How to ignore robots.txt in wget

Recursive wget downloads respect a site's published robot rules by default, which is the right behavior for ordinary mirrors, audits, and offline copies. When you have explicit permission to fetch paths that the site blocks from crawlers, you can turn that check off for one bounded run.

Current GNU wget still uses the robots setting for this behavior. The command-line form --execute robots=off disables the usual /robots.txt/ check for the current command, while robots = off in ~/.wgetrc makes the override persistent for that account. The same setting also disables document-level nofollow rules during recursive retrieval.

Use the override narrowly. Keep the start URL, recursion depth, and output directory explicit, and restore the default policy when the approved capture is finished so later recursive jobs do not keep bypassing crawl rules.

Steps to ignore robots.txt in wget:

Review the published crawler policy before bypassing it.
```
$ wget --quiet --output-document=- https://archive.example.net/robots.txt
User-agent: *
Disallow: /exports/internal/
```
This confirms which path the default recursive run will refuse to fetch.

Run the recursive download once with the default policy and confirm that only the allowed files are saved.

$ wget --recursive --level=1 --no-parent https://archive.example.net/exports/
Saving to: 'archive.example.net/exports/index.html'
Loading robots.txt; please ignore errors.
Saving to: 'archive.example.net/robots.txt'
Saving to: 'archive.example.net/exports/public/status.html'
Downloaded: 3 files, 472 in 0s

The baseline run makes the later override easy to audit because the blocked path is still absent.

Re-run the same command with --execute robots=off and confirm that the previously blocked path is now downloaded.

$ wget --recursive --level=1 --no-parent --execute robots=off https://archive.example.net/exports/
Saving to: 'archive.example.net/exports/index.html'
Saving to: 'archive.example.net/exports/public/status.html'
Saving to: 'archive.example.net/exports/internal/report.html'
Downloaded: 3 files, 588 in 0s

Use this only for approved captures. The short -e robots=off form is the same override.

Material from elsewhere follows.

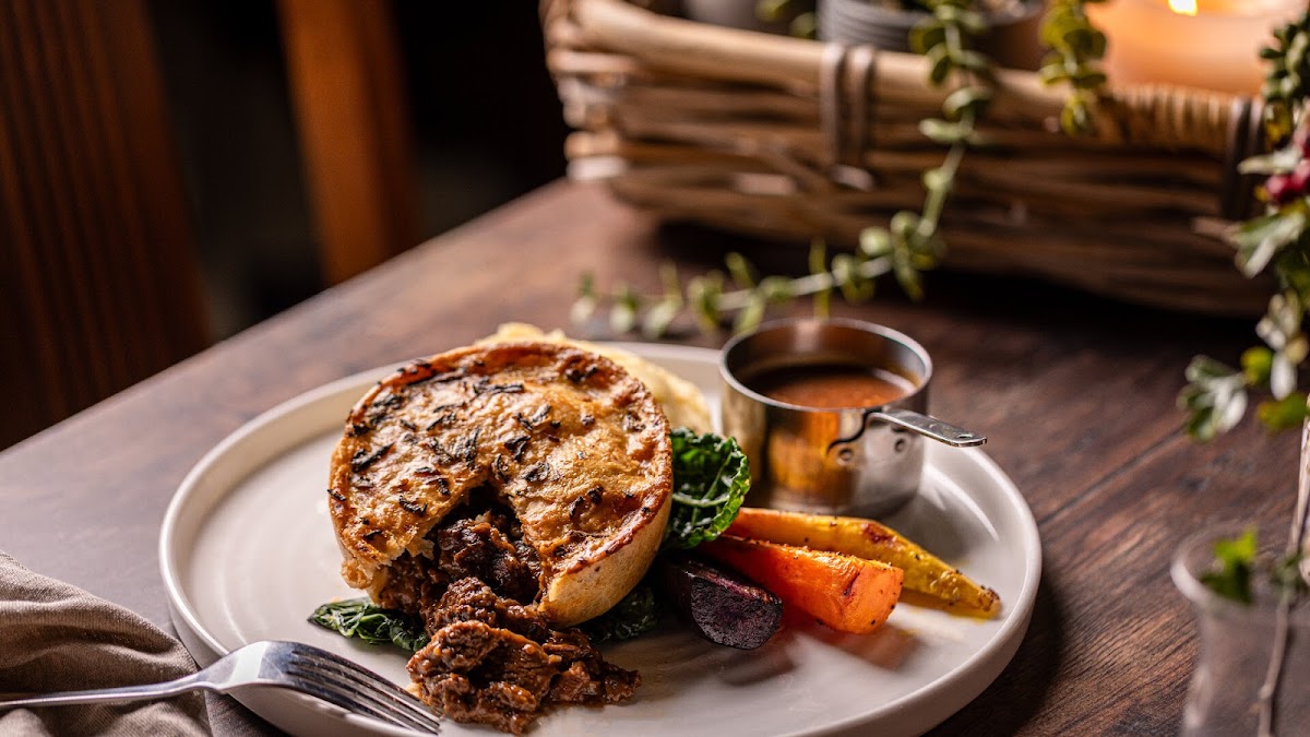 Beautiful pub and very good food. We were lucky to walk-in and find a table for two for a late lunch, around 2pm, as it was packed. However, it being a popular spot and a market day in Ludlow, we waited a long time to recieve our meals, as the kitchen was backed up with orders before ours. (Long enough for me to walk to my car, parked at Tesco, and move it closer by, thankfully!) We ordered the (vegetarian option) Wild Mushroom Bourguignon pie, and Venison (not vegetarian by any means), both came with potatoes, roasted root vegetables and delicious gravies. The wait staff were very friendly and accommodating of our needs. Tables were set with candles, and the interior was very cosy in general. A pleasant experience, one I'd repeat.

Persist the override in ~/.wgetrc only when the same approved recursive job must repeat under the same account.
```
~/.wgetrc
robots = off
```
This changes every later recursive wget run for that user until you remove it or set it back to on. Related: How to configure default options in ~/.wgetrc
Check the downloaded tree before you hand the result to another system or user.
```
$ ls archive.example.net/exports/internal
report.html
```
A file in the blocked directory confirms that the override was active for that run.
Restore the default crawler policy as soon as the special-case download is complete.
```
~/.wgetrc
robots = on
```
Remove the override entirely if you do not want any saved robots setting in the user profile.